However, some segment objects in the XBRL data have multiple items with dimension
and value
keys, forming an array. For such cases, we use the .explode()
method to create new rows for each array item.
For instance, if we have one row with a cell containing the array
[
{
"dimension": "srt:ProductOrServiceAxis",
"value": "goog:AdvertisingRevenueMember"
},
{
"dimension": "us-gaap:StatementBusinessSegmentsAxis",
"value": "goog:GoogleInc.Member"
}
]
we would create two new rows: the first with dimension: srt:ProductOrServiceAxis, value: goog:AdvertisingRevenueMember
, and the second with dimension: us-gaap:StatementBusinessSegmentsAxis, value: goog:GoogleInc.Member
.
all_revenues_json = xbrl_json_2018['StatementsOfIncome']['RevenueFromContractWithCustomerExcludingAssessedTax'] + \
xbrl_json_2019['StatementsOfIncome']['RevenueFromContractWithCustomerExcludingAssessedTax'] + \
xbrl_json_2020['StatementsOfIncome']['RevenueFromContractWithCustomerExcludingAssessedTax'] + \
xbrl_json_2021['StatementsOfIncome']['RevenueFromContractWithCustomerExcludingAssessedTax'] + \
xbrl_json_2022['StatementsOfIncome']['RevenueFromContractWithCustomerExcludingAssessedTax']

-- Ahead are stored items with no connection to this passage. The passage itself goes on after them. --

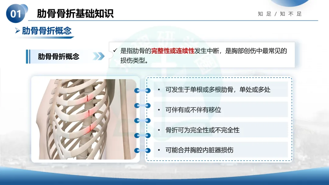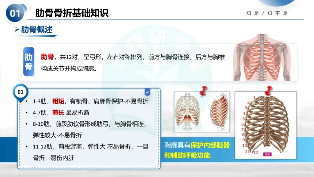 肋骨共12对,4-7肋最易骨折,11-12肋骨折易伤及内脏。肋骨骨折是胸部创伤最常见损伤,指肋骨完整性 / 连续性中断,分单根 / 多根、单处 / 多处,可伴移位与内脏损伤。
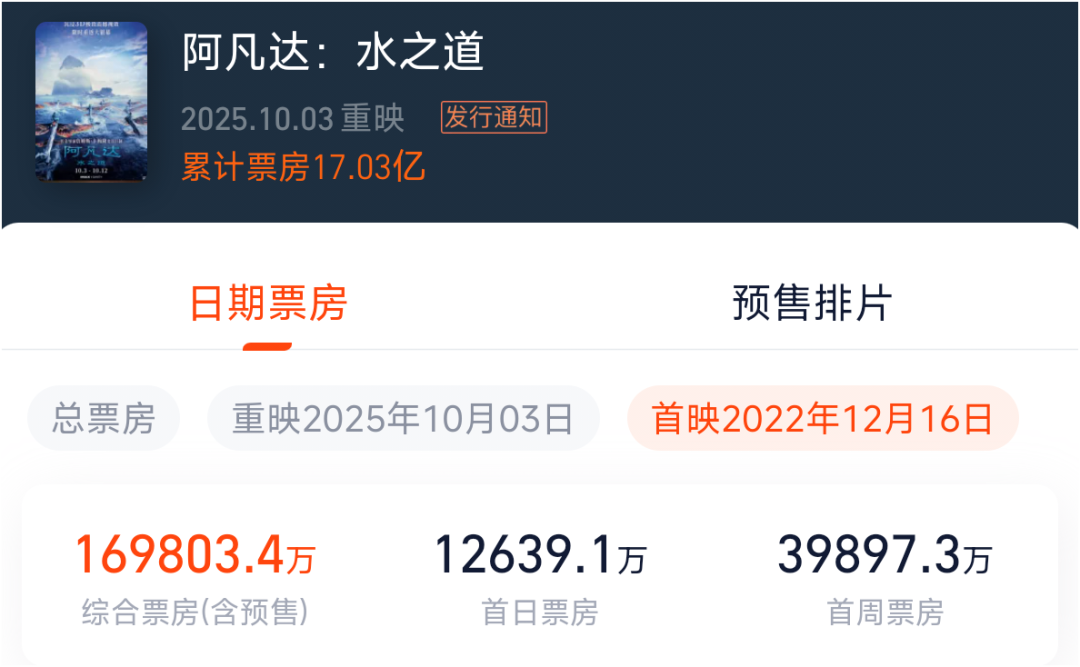 《阿凡达:水之道》票房(图源:灯塔专业版)
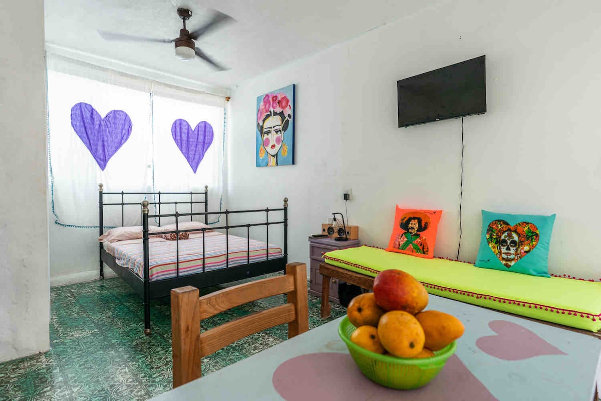 Inspireeriv Mehhiko stiilis sisekujundusega stuudio asub otse kõige keskel, poole kvartali kaugusel Maleconist ja rannast! Jalutuskäiku ja asukohta ei saa võita. Tule ja näe seda imelist Mehhiko kogemust. See koht sobib ideaalselt paarile, kuid seal on ruumi 4 inimesele. Elutoa diivan on täispuhutav ja sellest saab lai kaheinimesevoodi. Kaheinimesevoodi koos mäluvahu ja jahutusgeeliga paneb sind magama nagu beebi. Küsi minult!
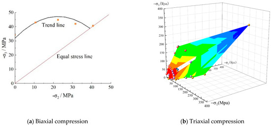 Figure 2a, which reveals a parabolic relationship between the two stresses. With the increase in the middle axial stress, the maximum axial stress initially increases, followed by a decreasing trend. Based on the relationship between the two axial stresses, the different stress combinations can be analyzed to draw the following conclusions: (1) the middle stress is an important factor for the limit conditions of concrete because the maximum stress changes with the middle stress; (2) the single stress differences (i.e.,
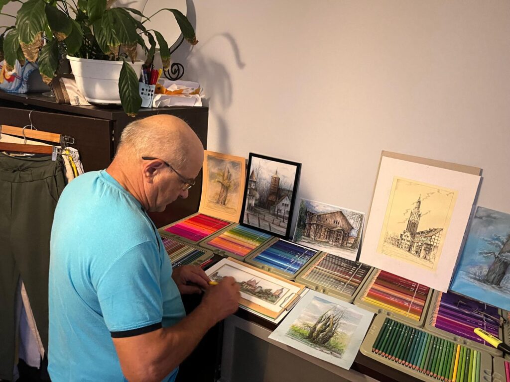 „Nie potrafię usiedzieć na miejscu, muszę aktywnie spędzać wolny czas, rysuję piórkiem ( grafika), maluję kredkami, pastelami, używam technik mieszanych, również rzeźbię. Mam przygotowany warsztat do malowania obrazów na płótnie, ale z braku czasu ciągle to odkładam. Malowanie kredkami i pastelami nie wymaga zbyt wiele zachodu i miejsca, jedynie czasu i weny twórczej. Rzeźbieniu poświęcam najmniej czasu. Robię też renowacje starych mebli. Ponad to lubię pracę w moim gospodarstwie, a zwłaszcza w ekologicznym 17 arowym ogrodzie i przydomowym ogródku kwiatowym. A jak mam już wszystkiego dość to biorę jedną z moich 5 elektrycznych gitar i gram. Gram wszystko co mi się nawinie, a sprawia mi to mnóstwo przyjemności. Poczynając od muzyki mojej młodości, czyli utworów Hard Rockowych, Deep Purple, Led Zeppelin, przez Santanę czy Dżem, kończąc na Bluesie i piosenkach biesiadnych.”
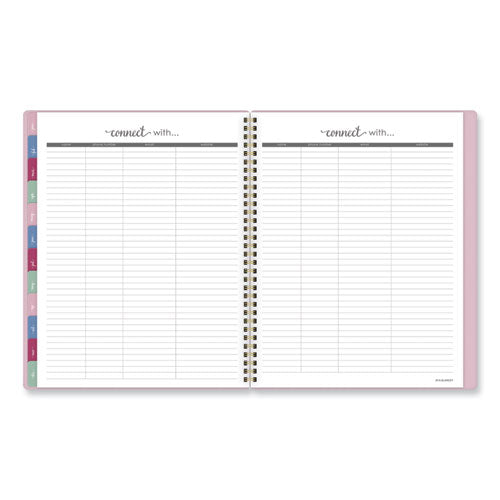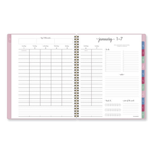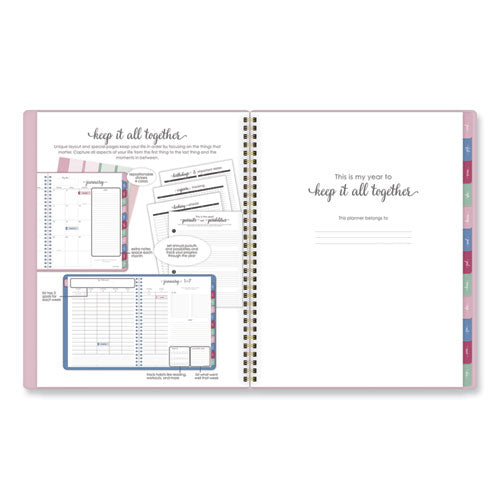 Keep it all together in Harmony this year. The Harmony Weekly/Monthly planner provides the unique layouts and special pages you need to capture just about every aspect of your life so you can focus on the things that matter. One week per two-page spread features plenty of space for each day as well as dedicated areas for your week's goals, wins, to-dos and more. Tabbed for easy navigation, each one month per two-page spread features unruled daily blocks along with areas for the month's goals, to-dos, notes and ideas. In the back of the book, a wide range of resources along with both formatted and unformatted notes and planning pages help you do everything from prioritizing your biggest projects to finding the perfect gifts for the special people in your life. Color-coded repositionable stickers make it easy to add and remove eye-catching notes to all of your important projects, events, appointments and more. Durable, stylish poly cover with gold twin-wire binding adds an element of gratifying sophistication to every practical task, and the double-sided interior pocket hangs onto any loose materials you’d like to keep close. Printed on high-quality paper for superior ink-bleed resistance.

all_revenues = pd.json_normalize(all_revenues_json)
# explode segment list of dictionaries
all_revenues = all_revenues.explode('segment')
segment_split = all_revenues['segment'].apply(pd.Series)
segment_split = segment_split.rename(columns={'dimension': 'segment.dimension', 'value': 'segment.value'})
segment_split = segment_split.drop(0, axis=1)
all_revenues = all_revenues.combine_first(segment_split)
all_revenues = all_revenues.drop('segment', axis=1)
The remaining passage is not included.